Em Okinawa, esses conflitos de aversão cultural estão sendo desapercebidos por mim. Não pude identificar nenhum senso de intolerância. Pois aqui existe uma certa uniformidade nos parâmetros citados anteriormente: etnia, religião, situação sócio-econômica e territorialidade. O que existe, ou o que foi possível ver, é que na cultura local existe um "um tronco principal" e a partir dessa, ramificações e variações. E com o fator da longa história, toda cultura é extremamente enraizada.

    
Odori na Kokusai doori
Mesmo que o Brasil tenha uma diversidade, muitas vezes a cultura trazida pelos imigrantes é exposta e entendida de maneira superficial ou até errônea. Quando um programa popular de televisão tenta expor uma cultura, por exemplo a japonesa, em sua programação. Apesar de toda boa vontade, é possível ver pequenos equívocos ou extrema simplificação de algo complexo.

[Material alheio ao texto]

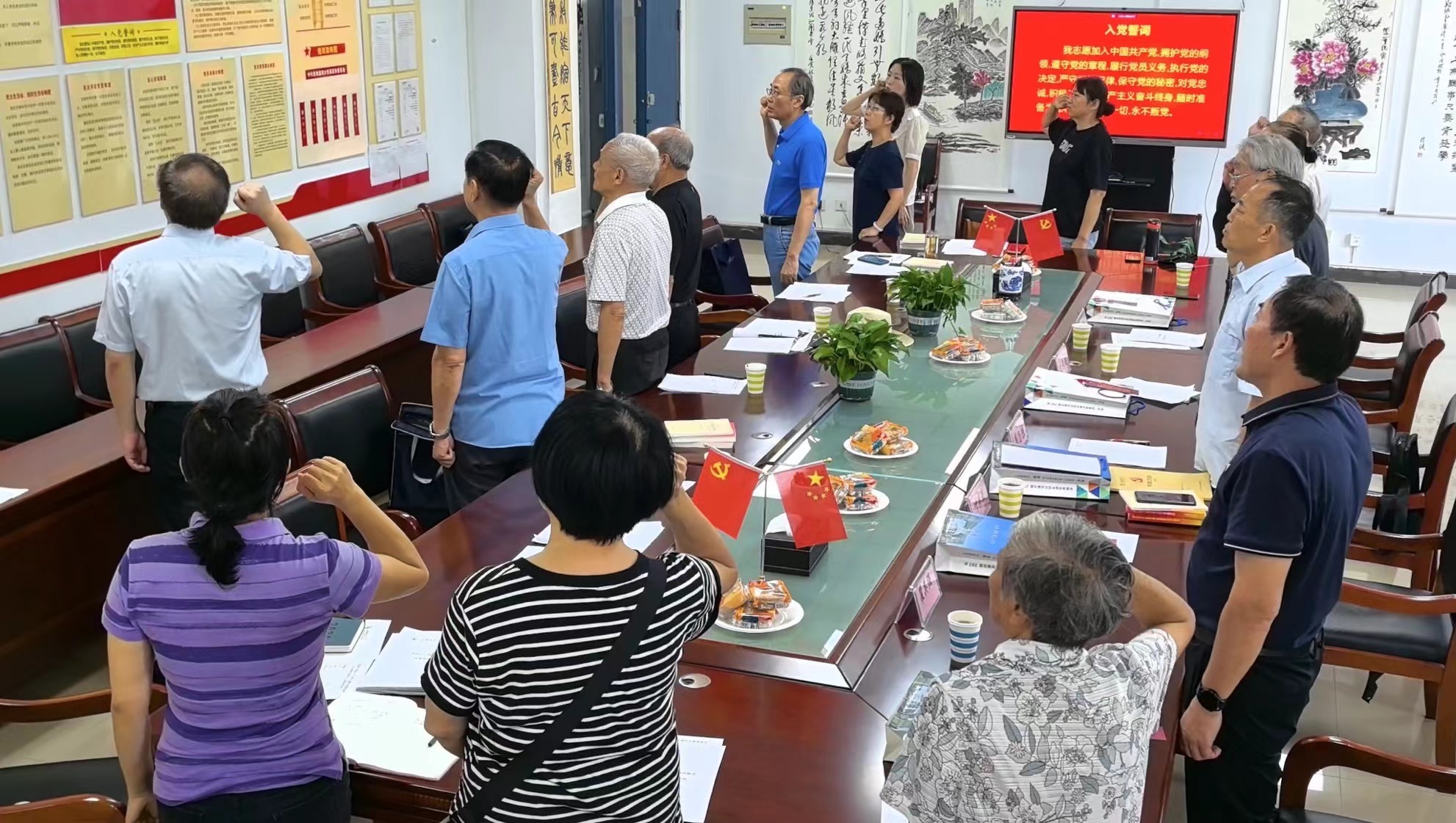 活动在参会人员共唱国歌中开始。胡传健、龚乃胜、李传红、瞿其强、陆梅华等5位10月份入党的同志与参会党员一起集体重温了入党誓词。在座谈环节,与会老党员们结合自身经历分享了入党感言,畅谈了祖国发展变化。在党的领导下,创造了经济快速发展奇迹,社会长期稳定奇迹,国泰民安,人民安居乐业。老同志们纷纷表示,会始终听党话、跟党走,积极发挥余热,永葆党员本色。
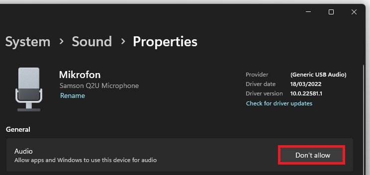 Desactive todos los demás micrófonos que permita que Windows utilice. En sus dispositivos de entrada, seleccione un micrófono diferente y seleccioneNo permitir.
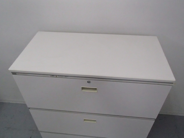 【A4ファイルも沢山収納可能!ホワイトカラーの人気シリーズ3段ラテラル書庫!】/オススメ(おすすめ) /人気商品【弊社使用欄:A01013834】3段ラテラル書庫/ローキャビネット/天板付き/ホワイト/シリンダー錠/ITOKI/THIN LINE■イトーキ/シンライン※取っ手部分日焼あり
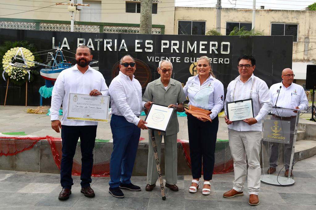 Alvarado, Ver.- Este miércoles por la tarde en el festejo por el «Día de la Marina», se homenajeó en el municipio de Alvarado a, Oscar Camarero Figueroa, constructor de navíos, quién tiene en su haber la realización de la emblemática «Marigalante».
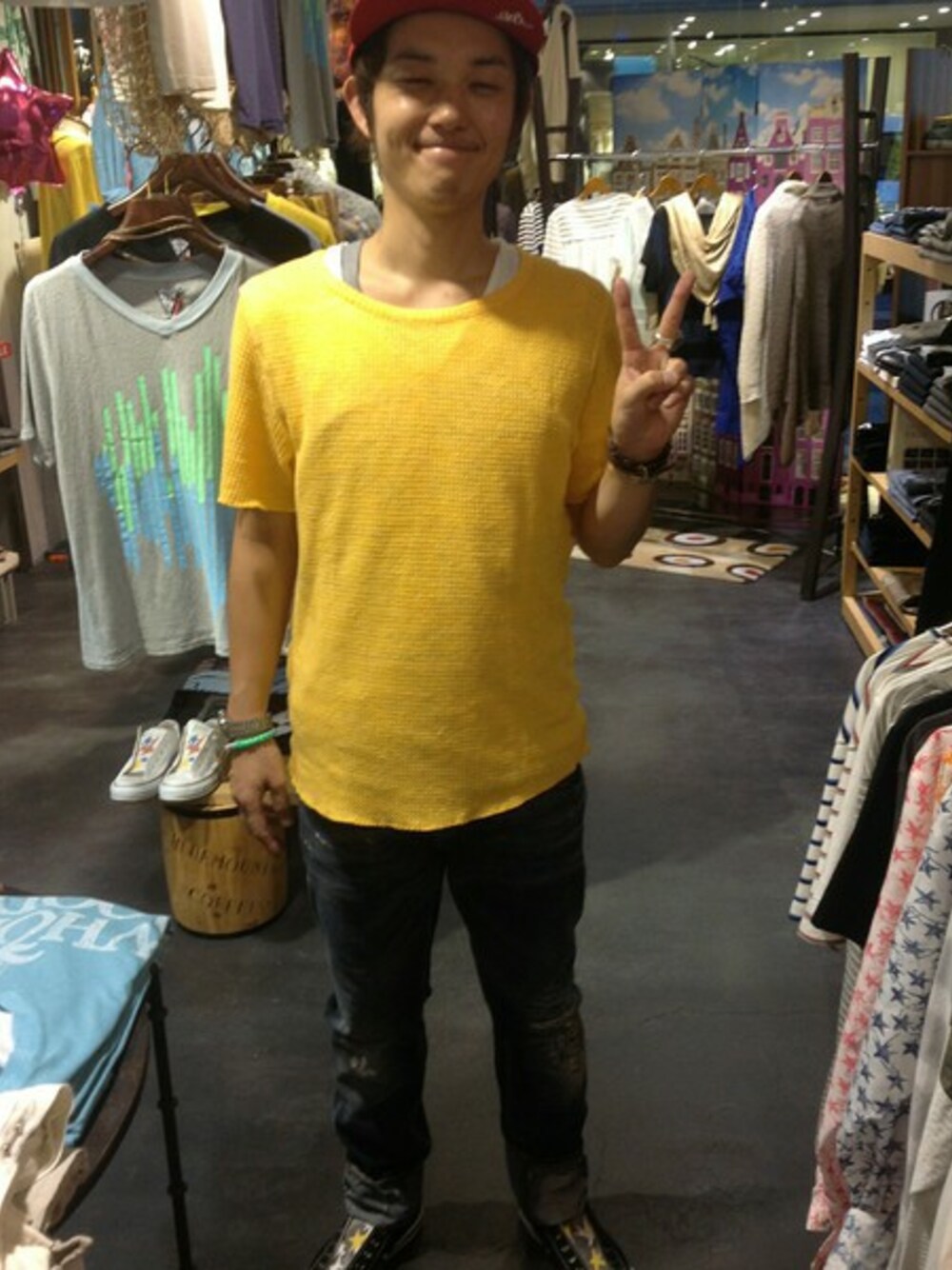 イエローのTシャツをポイントにした、シンプルな定番カジュアルスタイルです。

Essa uniformidade cultural que se tem em Okinawa tem como consequência direta a ausência dos pequenos conflitos diários. Por fim, uma qualidade de vida melhor. Vivemos esses atritos das diferenças todos os dias. O que faz com que nós não fiquemos pasmos mais. Apesar de toda variedade de pessoas que o Brasil possui, ainda não sabemos conviver com essas diferenças. Talvez, há poucas coisas que nos unem de fato como integrantes de uma mesma nação. Com exceção do futebol em Copa do Mundo.


FC Barcelona da educação

O grande fenômeno do futebol nos últimos tempos tem sido o time do Barcelona, que construiu uma fábrica de revelar talentos, com formação continuada da categoria de base até o profissional. Os resultados são assim sólidos e duradouros. E esse conceito acontece nas escolas por aqui. Não em questão de futebol ou esporte, mas em questão geral de educação.

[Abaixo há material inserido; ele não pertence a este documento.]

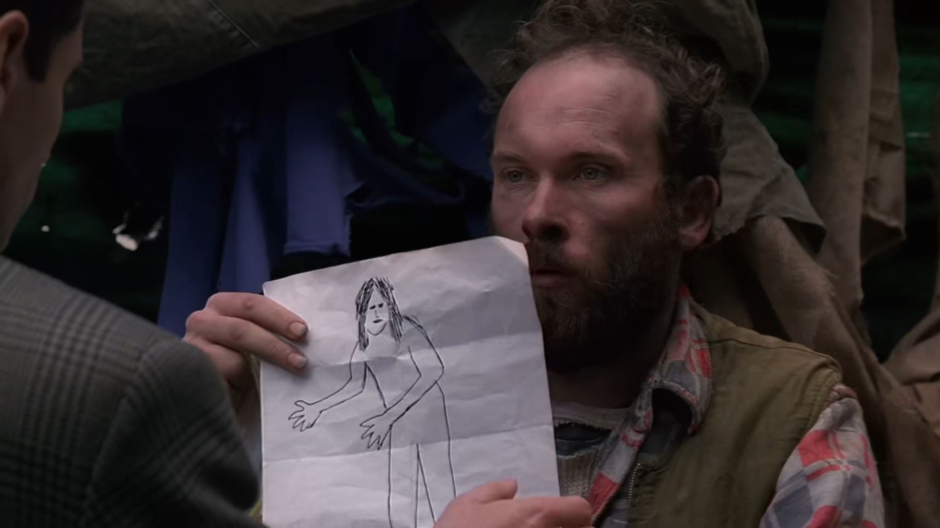 Grâce au savoir du groupe de sans-abris, nous avons accès à la première représentation visuelle de la créature — un dessin très approximatif évoquant le Bigfoot — accompagnée de témoignages. Mulder troque alors avec l’un d’entre eux sa chambre d’hôtel contre un abri dans la rue et, au milieu de la nuit, il aperçoit la créature, qu’il pense plus affamée qu’agressive. Lorsqu’il tente de convaincre Scully de son existence, elle rétorque que ce n’est « nothing more than a sighting in a dark alley » (23 min 10 s). Nous sommes toujours dans les clichés de films d’horreur et dans les témoignages douteux. Scully décide alors de consulter son ancien professeur d’anthropologie à l’université locale. Le savoir académique, incarné par une figure de professeur — d’ailleurs interrogé dans son bureau —, a souvent un rôle important dans les épisodes où différents régimes cognitifs entrent en compétition. Nommons ce type de personnage le « spécialiste », par opposition au « guide local ». Ici, le professeur d’anthropologie offre une perspective comparatiste, mais aussi une explication fondée sur le déterminisme biologique et sur l’évolution des espèces. Parlant du mythe de l’homme sauvage, il explique :

Tive a oportunidade de ir e interagir nas aulas de 10 jardim de infância (hoikuen), assistir inúmeros undokais e outros eventos da escola elementar (shoo gakkoo) e assistir as aulas da escola júnior (chuu gakkoo). Shoo Gakkoo e Chuu Gakkoo seriam equivalentes ao Ensino Fundamental no Brasil.

  
Estudantes do Chuu gakko de Nishihara
Educação passou a ser investida e universalizada pelo Estado japonês na Era Meiji, mas o atual modelo foi reformulado durante o pós-guerra, com influência do modelo Americano de ensino. As escolas de jardim de infância (com crianças de 0 anos a 5 anos) são em geral particulares, enquanto a escola elementar e junior são em sua maioria públicas (dos 6 anos aos 15 anos).

O que pude ver é que certos valores são trabalhados desde o jardim de infância até aos 15 anos da mesma maneira (formação continuada da base à maturidade). Um exemplo são as refeições. São servidas na sala de aula e os próprios alunos se encarregam de servir seus colegas e fazer a limpeza depois da refeição.

O senso de disciplina também é um outro ponto trabalhado. Disciplina não no sentido de ficar em silêncio, sem fazer zombaria, mas no sentido de receber comandos e atendê-los rápido. Talvez a imagem que as pessoas têm é de japoneses extremamente robotizados por causa da forte disciplina educacional. Isso seria um equívoco muito grande. As crianças e jovens são extremamente espontâneas. A interação dos professores e alunos são bem pessoais, permitindo espaço para brincadeiras e piadas. Porém, quando requisitado a ordem e organização são rapidamente estabelecidas pelos professores.

  
Sala de aula do Chuu gakko
A grade curricular possui esportes e artes. A atividade física é trabalhada desde jardim de infância e continua até o final da formação escolar. A prática de esporte é sempre munido de infra-estrutura como quadras, campos e material esportivo. Além dos eventos de undokai que seria um tipo de evento de atletismo (simplificando muito).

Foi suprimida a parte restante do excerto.